Use only the ripest, most flavorful round tomatoes you can find. Avoid plum tomatoes because they are too firm and tend not to soften, even with the heat of the just-cooked pasta. The tomatoes can be diced a couple hours in advance, but to prevent the garlic from becoming too pungent and the salt from drawing out the tomatoes’ juices, wait until the pasta is cooking to add the seasonings to the tomatoes. Short, stubby pasta shapes such as orecchiette, fusilli, and farfalle (bow ties) are the best choice to catch juicy bits of sauce.
Ingredients
- Table salt
- 1 pound pasta (see note)
- 2 pounds ripe tomatoes, cored, seeded, and cut into 1/2-inch dice
- 1/4 cup extra-virgin olive oil
- 1 medium clove garlic , minced
- 1/4 cup shredded fresh basil leaves
- Ground black pepper
Direction
- Bring 4 quarts water to boil in large soup kettle. Add 1 tablespoon salt and pasta. Cook until pasta is al dente (refer to package directions; cooking times will vary with different shapes). Drain well.

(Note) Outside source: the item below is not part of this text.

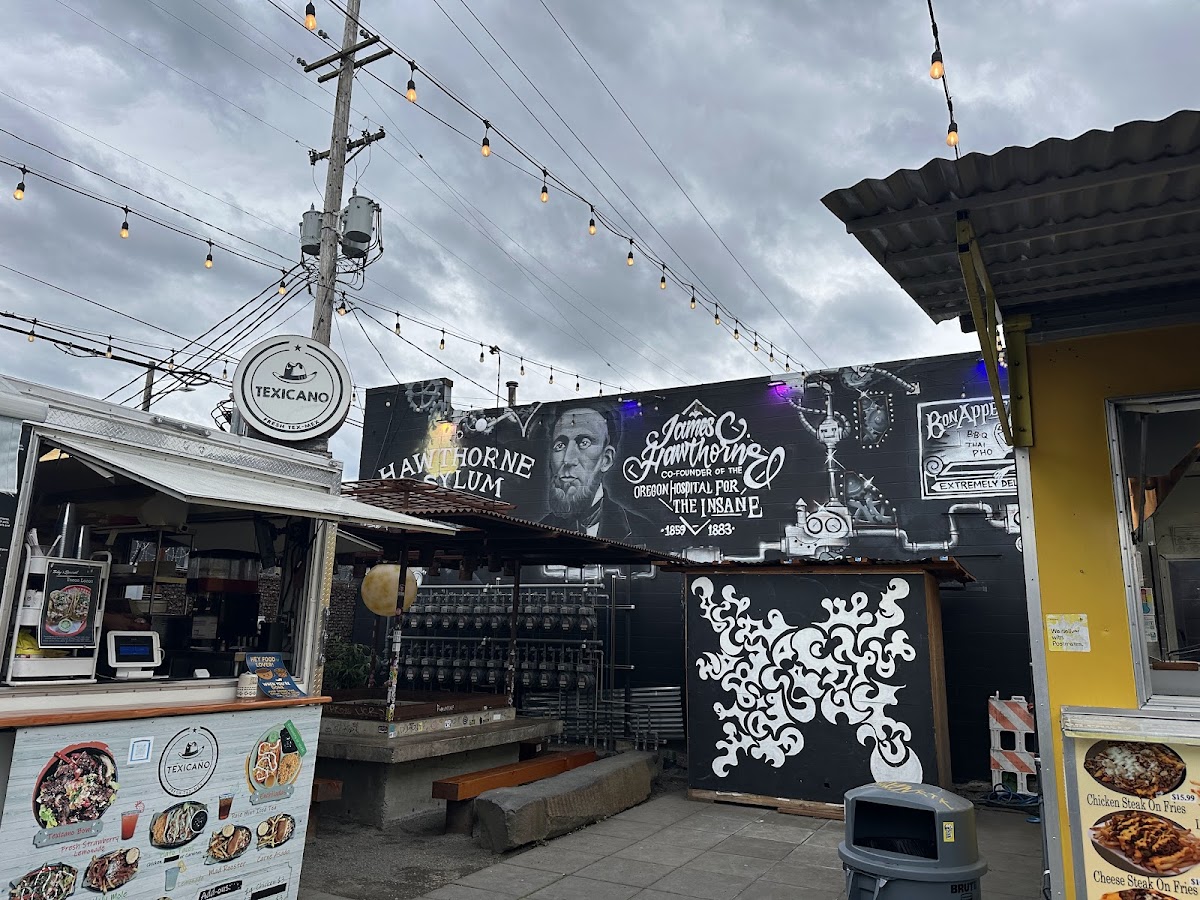 Hawthorne Asylum is a lively food court nestled on Portland’s SE Madison corridor, offering a vibrant mix of global street eats and casual dining vibes. This spot works best for groups who appreciate variety and relaxed, communal seating where you can sample everything from smoky ribs and brisket to Korean bibimbap, Thai chili burgers, and a Chicago-style hot dog all under one roof.

- While pasta is cooking, toss together tomatoes, olive oil, garlic, basil, 3/4 teaspoon salt, and pepper to taste in large bowl. Add drained pasta to tomatoes and toss well. Serve immediately, or, if desired, cool to room temperature before serving, about 30 minutes. (Can be covered with plastic wrap and kept at room temperature for up to 4 hours.)